* Aim of the exercise:
The line containing "various designs on" and every line after it, through the end of the material: copy these exactly and nothing else, leaving pictures out.

#### Source material ####

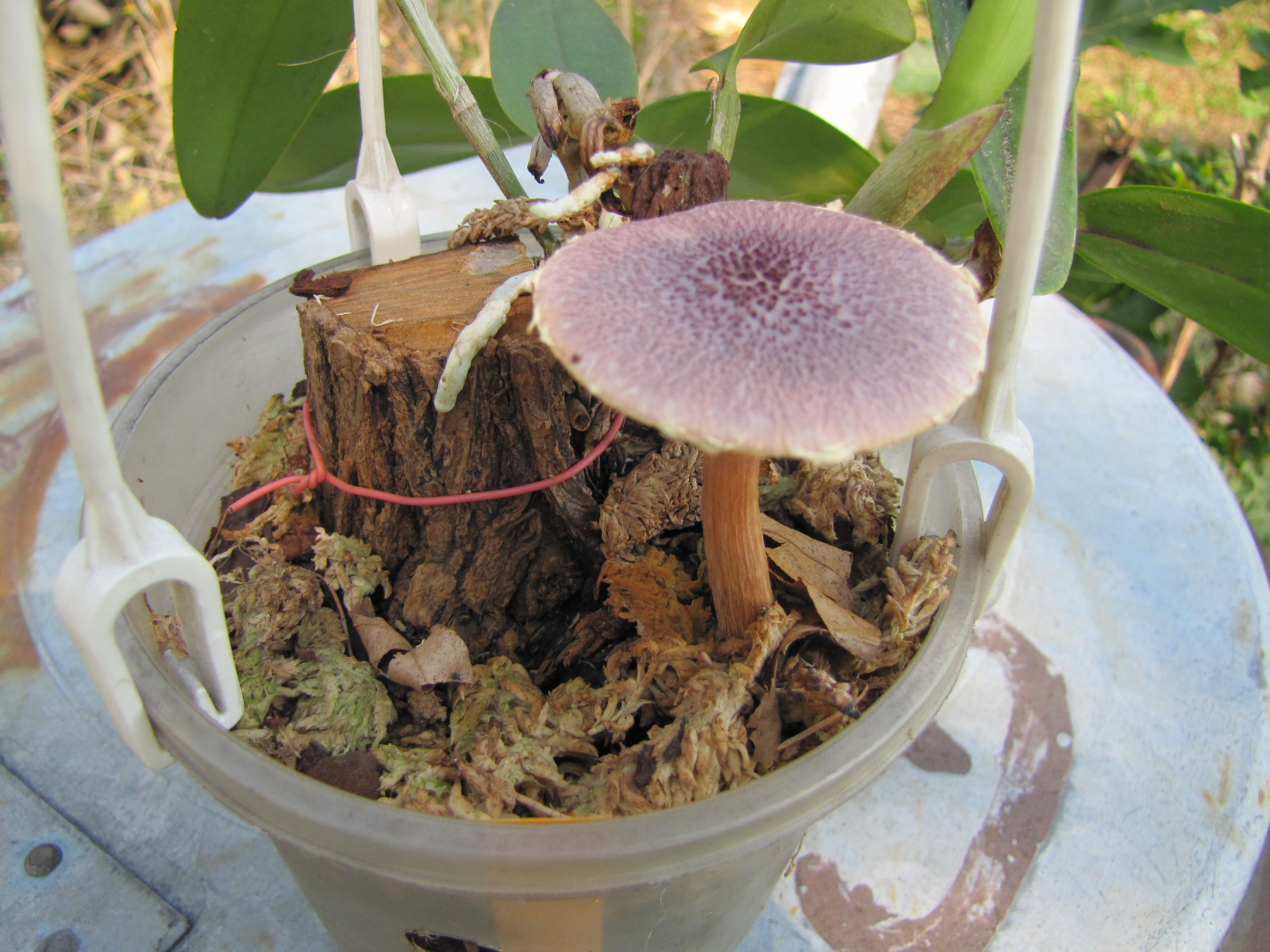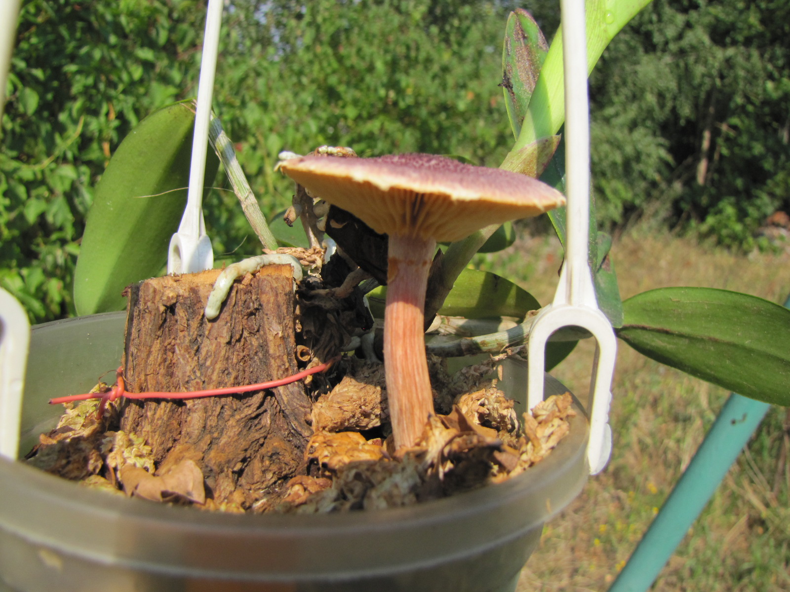 Dzisiaj odkryłem taką, że w doniczce z Cattleya landate wyrósł taki oto grzybek z kapeluszem Może jest to tym spowodowane, że w podłożu jest kawałek drewna z bzu czarnego ?
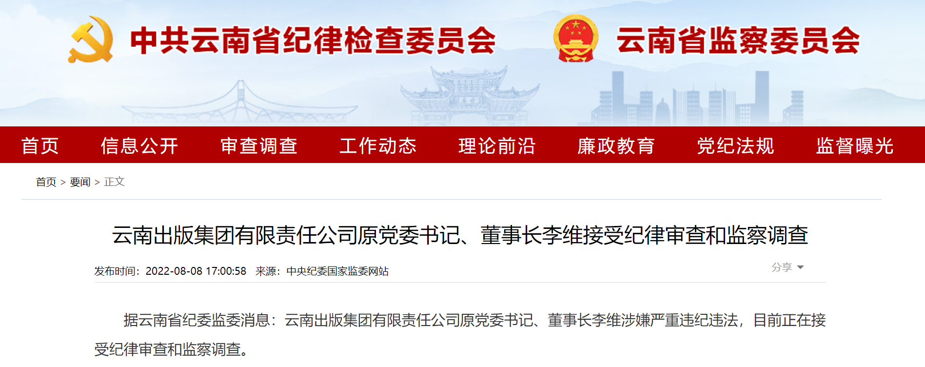 据云南省纪委监委消息,云南出版集团有限责任公司原党委书记、董事长李维涉嫌严重违纪违法,目前正在接受纪律审查和监察调查。
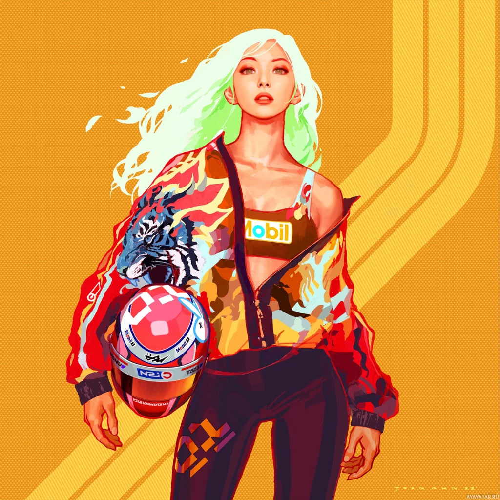 various designs on it, including what appears to be a dragon, and she has a helmet under her arm. Her pose suggests motion, like she might be in the middle of riding a bike or car. The background features retro-futuristic stripes that give
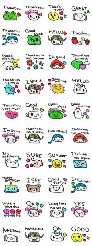 nenerinシンプル日常会話スタンプ725英語 スタンプ画像一覧
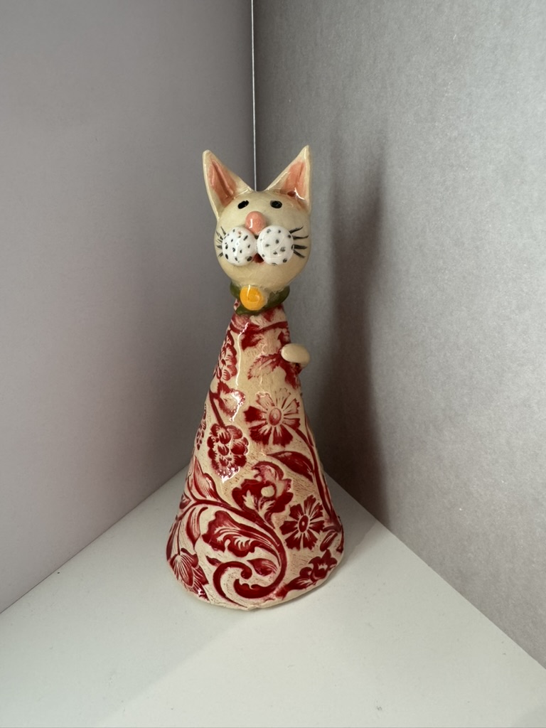 Eine elegante Keramik-Katze mit rotem floralen Mustern auf hellem Grund. Die Figur wirkt zugleich verspielt und ruhig und ist ein echtes Unikat. Ideal als Geschenk oder dekoratives Highlight im Wohnbereich.

####

* Your response:
 various designs on it, including what appears to be a dragon, and she has a helmet under her arm. Her pose suggests motion, like she might be in the middle of riding a bike or car. The background features retro-futuristic stripes that give
 nenerinシンプル日常会話スタンプ725英語 スタンプ画像一覧
 Eine elegante Keramik-Katze mit rotem floralen Mustern auf hellem Grund. Die Figur wirkt zugleich verspielt und ruhig und ist ein echtes Unikat. Ideal als Geschenk oder dekoratives Highlight im Wohnbereich.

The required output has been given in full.